The following op-ed appeared in the Newport Miner and was published earlier in June.
By Sen. Shelly Short | For The Miner
Published June 12, 2019
Out of nowhere, House Bill 2167 was brought before the Senate for a vote on the last day of session, a bill which nearly doubles the business and occupational (B&O) tax banks across the state already pay. One House Democrat introduced this bill April 10, less than three weeks before session’s end. The actual language of HB 2167 was not made public, however, until just hours before it was heard, voted out of committee and off the House floor April 26. Rushed in one day from public testimony to votes out of committee and off the floor with little change. If this tax was truly necessary, then why not introduce it near the beginning of session for a complete hearing and vetting process by the Legislature?
Senate Republicans opposed this tax bill for two reasons. The first was that it was unnecessary. With extraordinary revenue from economic growth, we could fund the budget without new taxes. The second was because it was rammed through during the final two days of session. In fact, the Senate received HB 2167 as a title-only bill, which means it had a title on the first page while the rest was blank.
Despite our efforts to fight against it, including a few Democratic allies joining us in our opposition, the bill was passed by one vote in the Senate and signed into law by Gov. Inslee.
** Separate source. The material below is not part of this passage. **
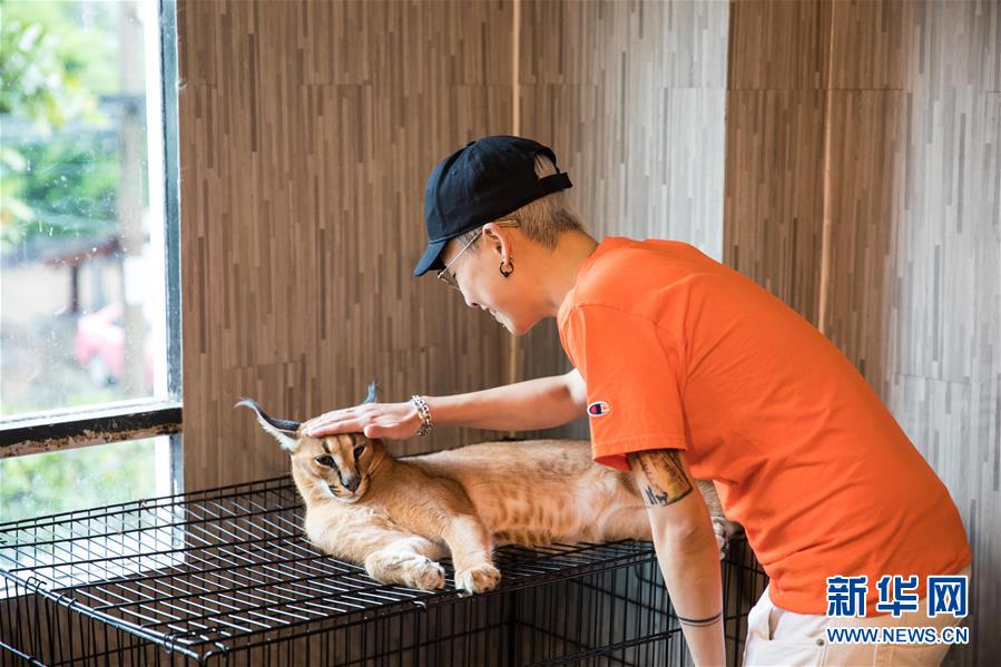 泰國首都曼谷有一間奇妙的動物咖啡館。在這里,顧客不僅能看到幾只可愛的貓咪,還可以在店員的陪伴指導下和貓頭鷹、闊耳狐等動物進行親密的接觸。 新華社記者 張可任 攝

HB 2167 sets up a B&O tax of 1.2 percent on banks. The new law states it will focus on banks that have an income of at least $1 billion. This makes it sound like this new law won’t be consequential. But that is not the case. Most of the banks you know will be impacted. Making matters worse for us is that most of the affected banks are the ones located in our district. Most of you may not have an option of going to a smaller bank that won’t be burdened by this tax.
One might ask, “Why should I care about taxing banks?” The banking industry is one of the largest in the world. You may think that taxing them doesn’t affect you. However, many financial institutions and loan-lending entities adjust their lending practices to not only their national average, but also to whatever local and state regulations they and borrowers are subject to. Thanks to this new law, there is a strong chance you might be blindsided by new fees when you need that important loan. And with the size of these corporations, it’s no surprise that they are the ones we use whenever we need to start a business, finance our homes, or continue maintaining our farms.
In our district, many people are trying to start small businesses to make a living. Business loans are usually procured through these banks one way or another, as they are best equipped to finance a business. Even when you use a local community bank, that bank often forms a partnership with a multinational financial institution in order to fund a local business. During testimony on a different bill last year, Fannie Mae confirmed that adjusting loans based on local regulations does happen. Because of HB 2167, you may find yourself placed in a much more financially painful path when it comes to realizing your hopes and dreams.
Republicans weren’t the only ones blindsided by this bill. So was Sen. Mark Mullet, D-Issaquah. He hadn’t even seen the entire bill when it came over from the House, even though he chairs the Senate committee overseeing banks and other financial institutions. Given his financial experience, he also explained how this can have a ripple effect on lending practices for our average citizens. If such a claim could be alleviated, we still don’t know, he added, since this bill was rammed through without any legal analysis that could be done in two days. More importantly, Senate Democratic leadership disrespected Washingtonians by purposefully ignoring legislative process and constitutional principles designed to give everyone the opportunity to review, offer comments and changes. In fact, it is quite common for bills that go through the traditional process to have changed multiple times. In the end, it isn’t a surprise that Sen. Mullet and a few other Senate Democratic members sided with us in voting no. But it wasn’t enough to kill the bill.
Before Gov. Inslee signed this proposal May 21, Sen. Mullet joined Sen. Mark Schoesler, R-Ritzville, Sen. John Braun, R-Centralia, and Rep. Drew Stokesbary, R-Auburn, in sending the governor a letter requesting that he veto the tax on financial institutions – a tax that would total $133 million. But Inslee did not veto it, even though he had vetoed similar hastily passed tax legislation in the past.
This wasn’t the only tax affecting banks. House Bill 2158, which raises the B&O tax service rate from 1.5 percent to 1.8 percent, also became law. When you combine that with what HB 2167 does, the rate that banks pay will nearly double what they currently pay. In fact, banks in Washington will now be among those institutions with some of the highest tax burdens in the country.
All of this was brought about because our friends across the aisle claim that this new law will help folks who earn a lower income and are overburdened by taxes. If we truly want to lower the tax burden on those who are struggling financially, we shouldn’t do it by taxing the majority of places that hold their money. A wiser option would be to end superfluous taxes, especially after revenue has increased in two years from $41 billion to $50 billion.
And especially after introducing taxes that came out of nowhere in the last two days of session.